Meow, what is so damn funny? Do I look like a cat to you? Do I drink milk from a saucer? Do you see me eating mice? Not so funny meow, is it? ...Anyway, it's a toad. And obviously, he's trying out his interspecies language skills. I just made the "Supertroopers" reference because it's one of my favorite parts. ....MEOW!

Pull the Strings!!!


This, of course, is Mr. Dracula. Wait, is it Lugosi? Karloff? I forget. I just wanted to inject a little color back into the posts, albeit somber color. It just reminds me of the old movies my dad loves. He said on occasion he'd pop in a movie that used to scare the bejeezies out of him as a kid, only to discover that current technological advancements in the ways of special effects have really soured some of the fear he used to feel as a kid. Sometimes, you just can't go back. ...In other news, I used a new kind of paint for this one; a brand of goache my mother let me try. It was nice.

Ready For My Closeup, Mr. DeMille...


When we first moved to Texas, I was horribly disheartened by the lack of job opportunities in the area. Answering a newspaper ad for a graphic illustrator which contained only a phone number, I begrudgingly called. The prospective job was nearly an hour away, and payed a pocket-scorching $7 an hour. The owner, however, was very confident in his status, and very distrusting of the talents of the applicants thus far, and asked me to bring a test, of sorts. "I want you to draw me a toaster, a still life, and a sketch of yourself. Bring it to the interview, and we'll see what skills you've got." I did the drawing, although you might notice from my sketch my enthusiasm about the situation. In the end, I didn't even bother showing up. Good thing, as it turns out. I got a better job anyway.

Friday, July 6, 2007

A Man's Gotta Do What a Man's Gotta Do...
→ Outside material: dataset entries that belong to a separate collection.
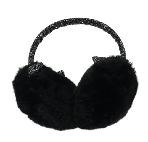 Černé kožešinové třpytivé klapky na uši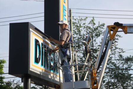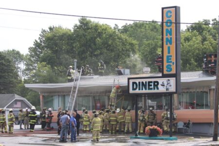 Waterloo’s iconic diner- Connies- cwelbrates a new sign, then they had a fire that shut them down for a couple of months.
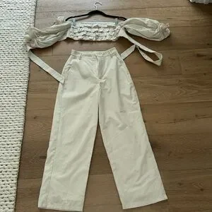 Never worn, bought the pants and they are too tight on my waist. Size is XXS for pant and top is XS. Can be sold separately if needed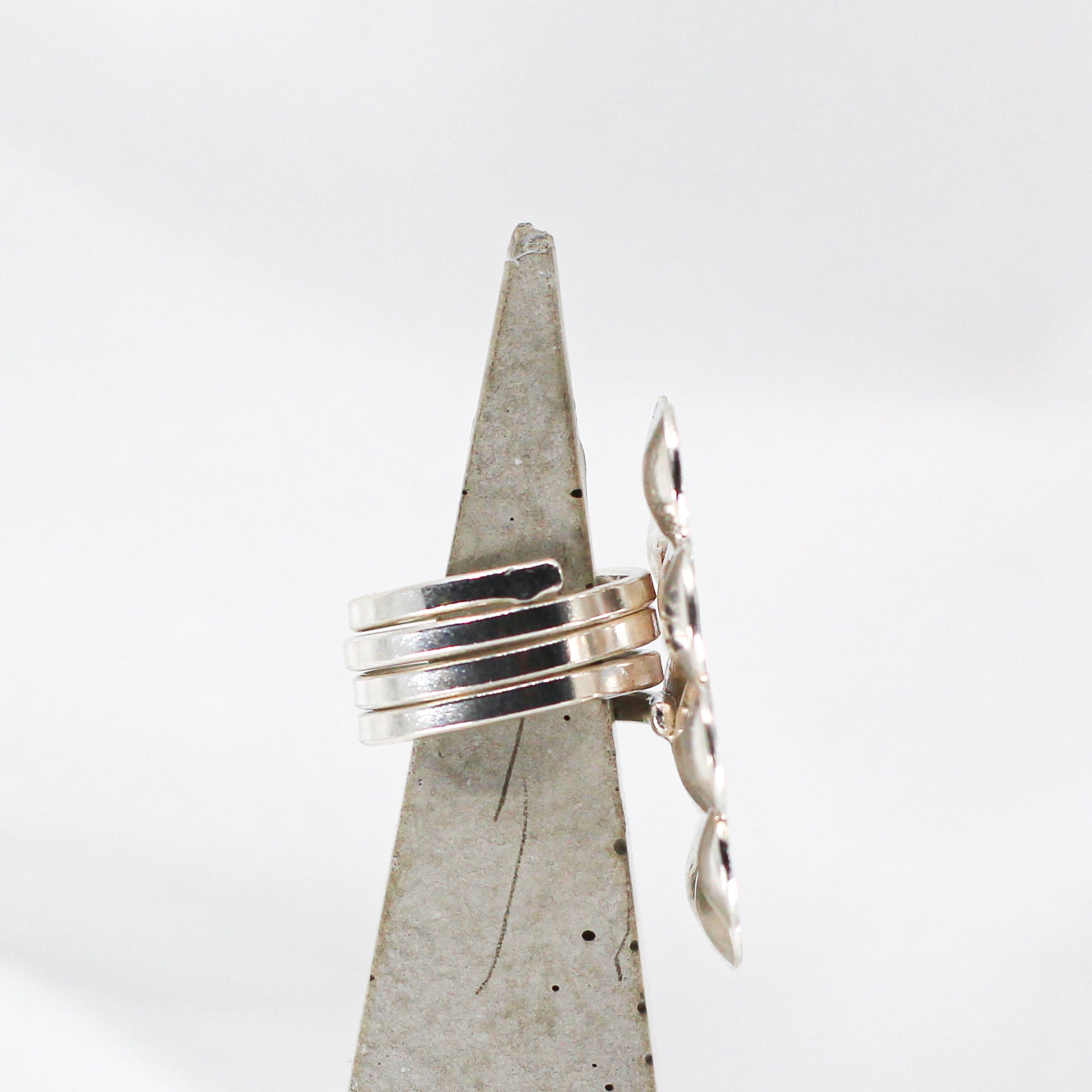 Make a statement with this large one-of-a-kind, adjustable silver flower ring.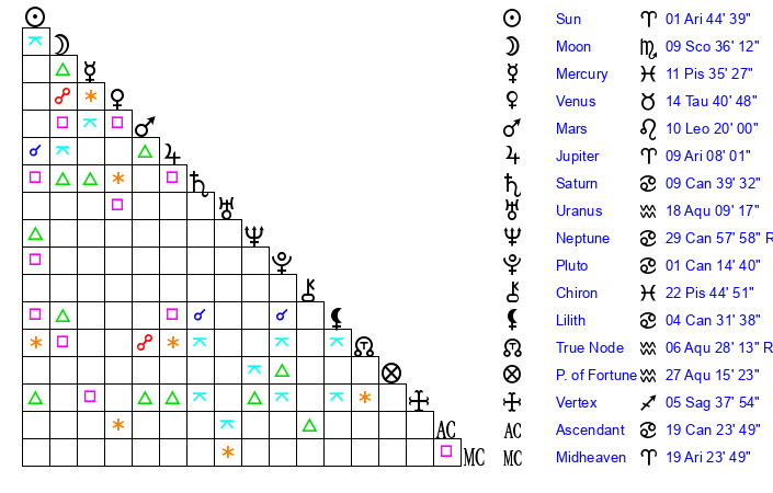 | Moon | 9 Scorpio 36 | 4 Capricorn 46 | 1 Scorpio 59 |

Another ballpoint pen and Sharpie drawing, from my 1950's movie book. It's Gary Cooper in High Noon. Evidently, that movie was filmed in 1952, and was 85 minutes long. Eighty-five minutes! And now there are all these movies over three hours! Anyway, I stretched his face a bit. I like it that way. I love the darks and lights, and the wrinkles on his face were so much fun.

Oh, Brother!


This is John Goodman, from "Oh, Brother, Where Art Thou?" which, if you haven't seen it, is an awesome movie, and you must run to get a copy. Don't even bother renting. Just buy it. John Goodman played the Cyclops, who, among other events, squishes a toad (who may or may not have been one of the primary characters) after gestating. Hence the bib with the lobster on it. Anyway, it's done in ballpoint pen. I like the look of black, white, and red, so I often add a bit of red to a sketch to perk it up a bit. ...Dang, he looks happy, doesn't he?

Sunday, July 1, 2007

Who You Callin' a Psycho?


Tyson bit off part of an EAR. I don't know much about boxing--I'm into UFC--but I'm pretty sure they don't allow for ear-biting. I could be wrong. So here's my Tyson. It's just amazing to me that a guy capable of biting your ear off could have the voice of a six-year old.

Sourpuss


I can't help it--I am fascinated by celebrity news. It's like watching an ant farm or sea monkeys--I am so confused by how our interpretation of "normal" changes when people become rich and famous. This is Renee Zellweger, who's famous for her sourpuss. She has a little pouty mouth. I love drawing caricatures, but I'm not nearly as good at it as the ones on Gallery of the Absurd. Still fun, though!